ACTIVITY: Send back the entries below exactly as they appear.
══ SOURCE MATERIAL ══
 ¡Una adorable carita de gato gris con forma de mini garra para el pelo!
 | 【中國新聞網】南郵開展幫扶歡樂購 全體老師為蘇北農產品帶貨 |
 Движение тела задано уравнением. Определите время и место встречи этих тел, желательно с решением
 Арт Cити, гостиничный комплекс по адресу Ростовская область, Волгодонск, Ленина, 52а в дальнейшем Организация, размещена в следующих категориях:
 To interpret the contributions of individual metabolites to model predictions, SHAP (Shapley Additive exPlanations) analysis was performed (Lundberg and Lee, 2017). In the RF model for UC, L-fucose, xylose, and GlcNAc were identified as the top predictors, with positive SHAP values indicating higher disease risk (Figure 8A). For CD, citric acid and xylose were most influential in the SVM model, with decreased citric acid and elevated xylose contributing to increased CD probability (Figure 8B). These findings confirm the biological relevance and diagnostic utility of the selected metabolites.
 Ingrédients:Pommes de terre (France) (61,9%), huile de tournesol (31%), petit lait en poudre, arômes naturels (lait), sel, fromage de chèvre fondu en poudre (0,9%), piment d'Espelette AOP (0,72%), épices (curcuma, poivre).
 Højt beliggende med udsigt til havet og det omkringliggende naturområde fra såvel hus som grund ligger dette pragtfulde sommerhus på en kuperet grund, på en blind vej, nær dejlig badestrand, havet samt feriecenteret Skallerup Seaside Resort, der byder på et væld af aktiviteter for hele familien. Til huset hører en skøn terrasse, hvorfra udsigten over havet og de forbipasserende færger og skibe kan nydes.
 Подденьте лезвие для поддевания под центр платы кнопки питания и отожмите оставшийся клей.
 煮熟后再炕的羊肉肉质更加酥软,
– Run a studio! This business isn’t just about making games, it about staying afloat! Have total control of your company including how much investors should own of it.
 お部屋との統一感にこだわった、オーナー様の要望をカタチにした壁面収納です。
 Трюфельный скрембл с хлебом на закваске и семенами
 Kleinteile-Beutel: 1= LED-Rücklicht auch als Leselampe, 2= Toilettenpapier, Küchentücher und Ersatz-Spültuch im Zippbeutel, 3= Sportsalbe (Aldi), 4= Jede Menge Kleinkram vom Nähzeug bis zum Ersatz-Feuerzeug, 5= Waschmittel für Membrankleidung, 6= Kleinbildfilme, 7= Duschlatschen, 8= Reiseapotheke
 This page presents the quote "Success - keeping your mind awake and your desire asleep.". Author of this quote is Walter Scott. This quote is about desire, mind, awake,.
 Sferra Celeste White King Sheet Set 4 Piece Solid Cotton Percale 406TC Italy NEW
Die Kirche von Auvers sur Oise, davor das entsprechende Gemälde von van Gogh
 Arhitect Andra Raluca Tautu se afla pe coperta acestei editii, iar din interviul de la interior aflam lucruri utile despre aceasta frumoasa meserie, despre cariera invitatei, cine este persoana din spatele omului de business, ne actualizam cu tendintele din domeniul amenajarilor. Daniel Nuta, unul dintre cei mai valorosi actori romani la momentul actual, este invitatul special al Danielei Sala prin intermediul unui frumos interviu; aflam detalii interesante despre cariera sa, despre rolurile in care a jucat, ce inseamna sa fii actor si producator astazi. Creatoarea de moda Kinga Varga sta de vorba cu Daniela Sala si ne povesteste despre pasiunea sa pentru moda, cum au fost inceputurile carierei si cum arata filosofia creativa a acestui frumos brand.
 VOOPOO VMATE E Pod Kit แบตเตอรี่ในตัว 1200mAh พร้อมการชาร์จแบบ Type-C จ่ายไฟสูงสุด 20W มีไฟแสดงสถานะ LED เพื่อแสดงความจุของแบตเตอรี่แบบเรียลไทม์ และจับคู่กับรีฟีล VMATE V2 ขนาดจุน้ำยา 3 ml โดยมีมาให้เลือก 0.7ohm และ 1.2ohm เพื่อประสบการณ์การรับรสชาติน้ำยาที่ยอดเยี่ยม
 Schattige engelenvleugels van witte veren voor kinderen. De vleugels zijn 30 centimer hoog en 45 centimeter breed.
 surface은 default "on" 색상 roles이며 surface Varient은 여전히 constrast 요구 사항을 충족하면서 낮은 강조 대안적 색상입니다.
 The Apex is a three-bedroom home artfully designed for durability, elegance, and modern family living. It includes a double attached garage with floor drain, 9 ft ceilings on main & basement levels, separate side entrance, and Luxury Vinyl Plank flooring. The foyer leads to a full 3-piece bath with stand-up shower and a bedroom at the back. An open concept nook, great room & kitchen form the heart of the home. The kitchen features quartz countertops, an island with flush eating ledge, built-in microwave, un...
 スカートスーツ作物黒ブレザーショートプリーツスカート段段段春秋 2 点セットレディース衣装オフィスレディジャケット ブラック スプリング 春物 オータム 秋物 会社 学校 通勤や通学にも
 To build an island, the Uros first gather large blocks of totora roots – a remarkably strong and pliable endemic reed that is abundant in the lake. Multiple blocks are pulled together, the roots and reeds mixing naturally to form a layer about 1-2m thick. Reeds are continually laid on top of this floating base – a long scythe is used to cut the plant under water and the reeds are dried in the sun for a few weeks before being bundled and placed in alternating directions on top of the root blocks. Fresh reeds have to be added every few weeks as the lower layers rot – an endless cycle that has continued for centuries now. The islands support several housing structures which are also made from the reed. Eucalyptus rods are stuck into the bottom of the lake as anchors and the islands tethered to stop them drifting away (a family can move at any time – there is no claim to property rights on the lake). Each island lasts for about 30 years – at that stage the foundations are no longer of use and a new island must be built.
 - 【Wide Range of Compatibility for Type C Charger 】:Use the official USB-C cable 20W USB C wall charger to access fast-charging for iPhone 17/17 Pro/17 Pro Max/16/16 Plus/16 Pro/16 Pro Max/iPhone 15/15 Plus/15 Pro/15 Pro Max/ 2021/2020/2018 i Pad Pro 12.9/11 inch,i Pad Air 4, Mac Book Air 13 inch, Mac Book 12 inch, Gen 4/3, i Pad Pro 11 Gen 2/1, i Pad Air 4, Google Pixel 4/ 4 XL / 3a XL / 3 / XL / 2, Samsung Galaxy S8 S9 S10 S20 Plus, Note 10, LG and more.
═══
RESPONSE AREA:
 ¡Una adorable carita de gato gris con forma de mini garra para el pelo!
 | 【中國新聞網】南郵開展幫扶歡樂購 全體老師為蘇北農產品帶貨 |
 Движение тела задано уравнением. Определите время и место встречи этих тел, желательно с решением
 Арт Cити, гостиничный комплекс по адресу Ростовская область, Волгодонск, Ленина, 52а в дальнейшем Организация, размещена в следующих категориях:
 To interpret the contributions of individual metabolites to model predictions, SHAP (Shapley Additive exPlanations) analysis was performed (Lundberg and Lee, 2017). In the RF model for UC, L-fucose, xylose, and GlcNAc were identified as the top predictors, with positive SHAP values indicating higher disease risk (Figure 8A). For CD, citric acid and xylose were most influential in the SVM model, with decreased citric acid and elevated xylose contributing to increased CD probability (Figure 8B). These findings confirm the biological relevance and diagnostic utility of the selected metabolites.
 Ingrédients:Pommes de terre (France) (61,9%), huile de tournesol (31%), petit lait en poudre, arômes naturels (lait), sel, fromage de chèvre fondu en poudre (0,9%), piment d'Espelette AOP (0,72%), épices (curcuma, poivre).
 Højt beliggende med udsigt til havet og det omkringliggende naturområde fra såvel hus som grund ligger dette pragtfulde sommerhus på en kuperet grund, på en blind vej, nær dejlig badestrand, havet samt feriecenteret Skallerup Seaside Resort, der byder på et væld af aktiviteter for hele familien. Til huset hører en skøn terrasse, hvorfra udsigten over havet og de forbipasserende færger og skibe kan nydes.
 Подденьте лезвие для поддевания под центр платы кнопки питания и отожмите оставшийся клей.
 煮熟后再炕的羊肉肉质更加酥软,
– Run a studio! This business isn’t just about making games, it about staying afloat! Have total control of your company including how much investors should own of it.
 お部屋との統一感にこだわった、オーナー様の要望をカタチにした壁面収納です。
 Трюфельный скрембл с хлебом на закваске и семенами
 Kleinteile-Beutel: 1= LED-Rücklicht auch als Leselampe, 2= Toilettenpapier, Küchentücher und Ersatz-Spültuch im Zippbeutel, 3= Sportsalbe (Aldi), 4= Jede Menge Kleinkram vom Nähzeug bis zum Ersatz-Feuerzeug, 5= Waschmittel für Membrankleidung, 6= Kleinbildfilme, 7= Duschlatschen, 8= Reiseapotheke
 This page presents the quote "Success - keeping your mind awake and your desire asleep.". Author of this quote is Walter Scott. This quote is about desire, mind, awake,.
 Sferra Celeste White King Sheet Set 4 Piece Solid Cotton Percale 406TC Italy NEW
Die Kirche von Auvers sur Oise, davor das entsprechende Gemälde von van Gogh
 Arhitect Andra Raluca Tautu se afla pe coperta acestei editii, iar din interviul de la interior aflam lucruri utile despre aceasta frumoasa meserie, despre cariera invitatei, cine este persoana din spatele omului de business, ne actualizam cu tendintele din domeniul amenajarilor. Daniel Nuta, unul dintre cei mai valorosi actori romani la momentul actual, este invitatul special al Danielei Sala prin intermediul unui frumos interviu; aflam detalii interesante despre cariera sa, despre rolurile in care a jucat, ce inseamna sa fii actor si producator astazi. Creatoarea de moda Kinga Varga sta de vorba cu Daniela Sala si ne povesteste despre pasiunea sa pentru moda, cum au fost inceputurile carierei si cum arata filosofia creativa a acestui frumos brand.
 VOOPOO VMATE E Pod Kit แบตเตอรี่ในตัว 1200mAh พร้อมการชาร์จแบบ Type-C จ่ายไฟสูงสุด 20W มีไฟแสดงสถานะ LED เพื่อแสดงความจุของแบตเตอรี่แบบเรียลไทม์ และจับคู่กับรีฟีล VMATE V2 ขนาดจุน้ำยา 3 ml โดยมีมาให้เลือก 0.7ohm และ 1.2ohm เพื่อประสบการณ์การรับรสชาติน้ำยาที่ยอดเยี่ยม
 Schattige engelenvleugels van witte veren voor kinderen. De vleugels zijn 30 centimer hoog en 45 centimeter breed.
 surface은 default "on" 색상 roles이며 surface Varient은 여전히 constrast 요구 사항을 충족하면서 낮은 강조 대안적 색상입니다.
 The Apex is a three-bedroom home artfully designed for durability, elegance, and modern family living. It includes a double attached garage with floor drain, 9 ft ceilings on main & basement levels, separate side entrance, and Luxury Vinyl Plank flooring. The foyer leads to a full 3-piece bath with stand-up shower and a bedroom at the back. An open concept nook, great room & kitchen form the heart of the home. The kitchen features quartz countertops, an island with flush eating ledge, built-in microwave, un...
 スカートスーツ作物黒ブレザーショートプリーツスカート段段段春秋 2 点セットレディース衣装オフィスレディジャケット ブラック スプリング 春物 オータム 秋物 会社 学校 通勤や通学にも
 To build an island, the Uros first gather large blocks of totora roots – a remarkably strong and pliable endemic reed that is abundant in the lake. Multiple blocks are pulled together, the roots and reeds mixing naturally to form a layer about 1-2m thick. Reeds are continually laid on top of this floating base – a long scythe is used to cut the plant under water and the reeds are dried in the sun for a few weeks before being bundled and placed in alternating directions on top of the root blocks. Fresh reeds have to be added every few weeks as the lower layers rot – an endless cycle that has continued for centuries now. The islands support several housing structures which are also made from the reed. Eucalyptus rods are stuck into the bottom of the lake as anchors and the islands tethered to stop them drifting away (a family can move at any time – there is no claim to property rights on the lake). Each island lasts for about 30 years – at that stage the foundations are no longer of use and a new island must be built.
 - 【Wide Range of Compatibility for Type C Charger 】:Use the official USB-C cable 20W USB C wall charger to access fast-charging for iPhone 17/17 Pro/17 Pro Max/16/16 Plus/16 Pro/16 Pro Max/iPhone 15/15 Plus/15 Pro/15 Pro Max/ 2021/2020/2018 i Pad Pro 12.9/11 inch,i Pad Air 4, Mac Book Air 13 inch, Mac Book 12 inch, Gen 4/3, i Pad Pro 11 Gen 2/1, i Pad Air 4, Google Pixel 4/ 4 XL / 3a XL / 3 / XL / 2, Samsung Galaxy S8 S9 S10 S20 Plus, Note 10, LG and more.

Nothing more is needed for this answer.